**What is needed:** Your copy of the data should match it exactly, leaving out only the pictures.

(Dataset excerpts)
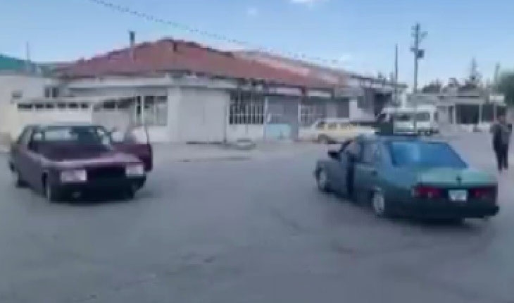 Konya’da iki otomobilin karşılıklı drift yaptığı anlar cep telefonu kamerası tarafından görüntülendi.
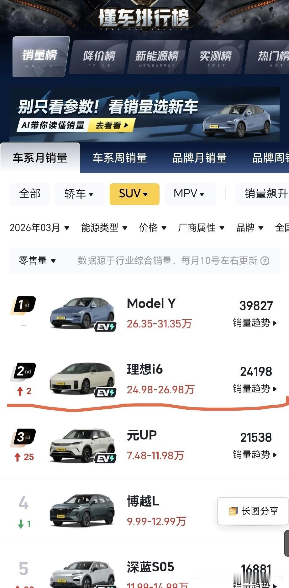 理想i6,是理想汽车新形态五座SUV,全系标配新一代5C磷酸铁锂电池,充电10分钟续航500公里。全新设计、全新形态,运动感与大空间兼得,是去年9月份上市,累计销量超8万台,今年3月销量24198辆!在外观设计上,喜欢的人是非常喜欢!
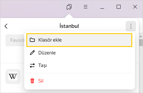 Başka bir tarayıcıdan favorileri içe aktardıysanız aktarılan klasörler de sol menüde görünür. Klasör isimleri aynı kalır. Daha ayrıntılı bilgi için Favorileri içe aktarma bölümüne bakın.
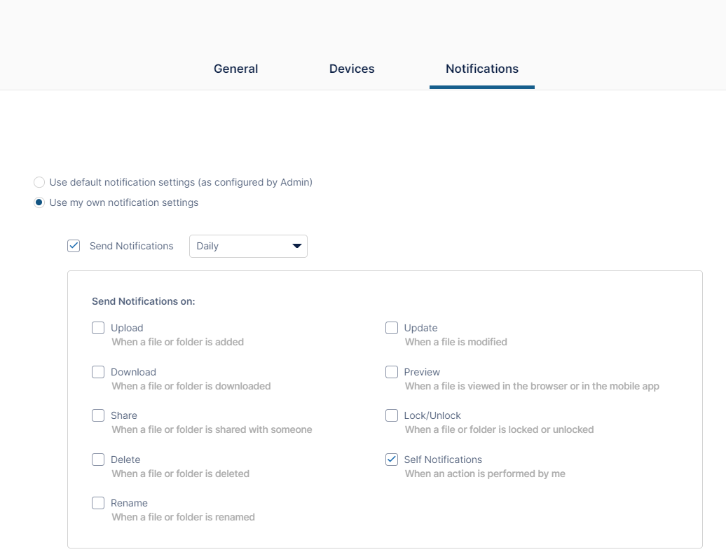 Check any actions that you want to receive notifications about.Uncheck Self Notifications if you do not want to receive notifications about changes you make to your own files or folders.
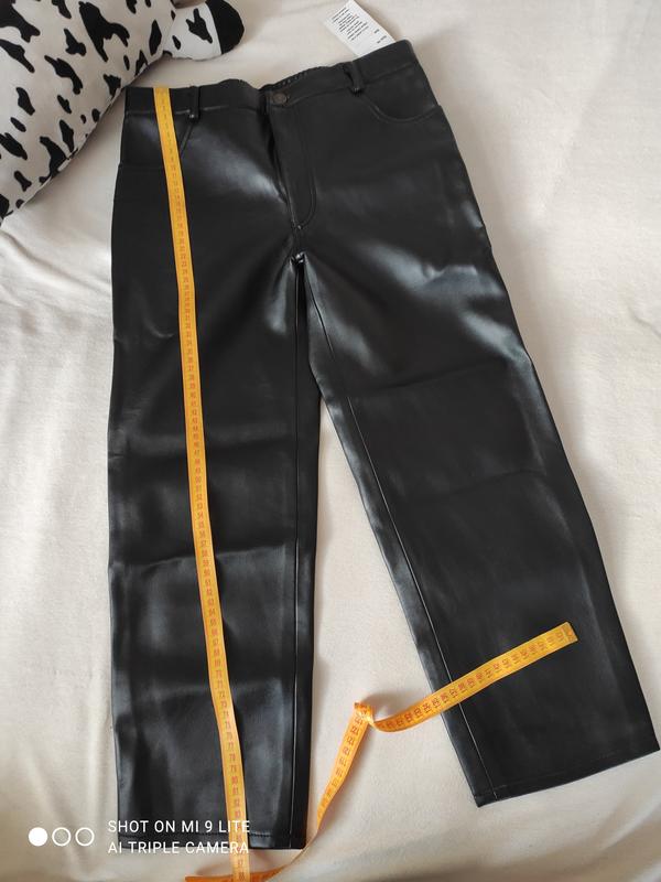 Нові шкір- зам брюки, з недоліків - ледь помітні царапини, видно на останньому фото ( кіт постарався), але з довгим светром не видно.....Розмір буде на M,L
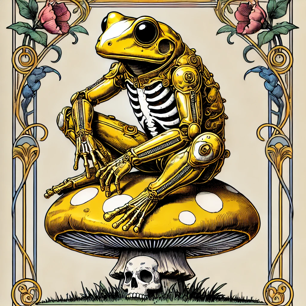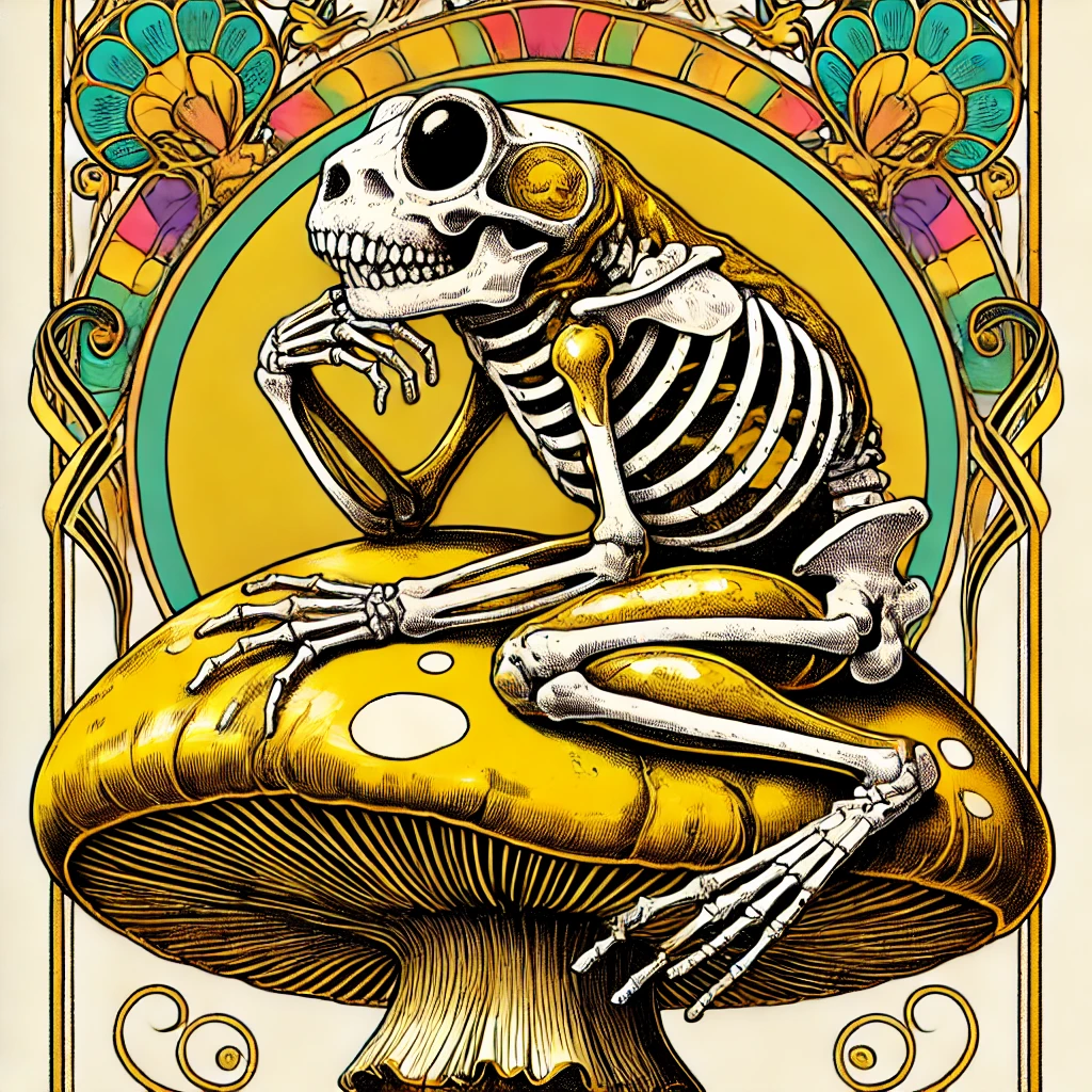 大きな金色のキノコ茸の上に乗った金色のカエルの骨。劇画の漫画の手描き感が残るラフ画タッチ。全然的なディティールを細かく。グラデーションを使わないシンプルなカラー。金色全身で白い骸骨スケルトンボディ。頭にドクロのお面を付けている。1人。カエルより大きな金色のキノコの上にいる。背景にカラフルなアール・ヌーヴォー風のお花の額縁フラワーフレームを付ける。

**Response to this exercise:**
 Konya’da iki otomobilin karşılıklı drift yaptığı anlar cep telefonu kamerası tarafından görüntülendi.
 理想i6,是理想汽车新形态五座SUV,全系标配新一代5C磷酸铁锂电池,充电10分钟续航500公里。全新设计、全新形态,运动感与大空间兼得,是去年9月份上市,累计销量超8万台,今年3月销量24198辆!在外观设计上,喜欢的人是非常喜欢!
 Başka bir tarayıcıdan favorileri içe aktardıysanız aktarılan klasörler de sol menüde görünür. Klasör isimleri aynı kalır. Daha ayrıntılı bilgi için Favorileri içe aktarma bölümüne bakın.
 Check any actions that you want to receive notifications about.Uncheck Self Notifications if you do not want to receive notifications about changes you make to your own files or folders.
 Нові шкір- зам брюки, з недоліків - ледь помітні царапини, видно на останньому фото ( кіт постарався), але з довгим светром не видно.....Розмір буде на M,L
 大きな金色のキノコ茸の上に乗った金色のカエルの骨。劇画の漫画の手描き感が残るラフ画タッチ。全然的なディティールを細かく。グラデーションを使わないシンプルなカラー。金色全身で白い骸骨スケルトンボディ。頭にドクロのお面を付けている。1人。カエルより大きな金色のキノコの上にいる。背景にカラフルなアール・ヌーヴォー風のお花の額縁フラワーフレームを付ける。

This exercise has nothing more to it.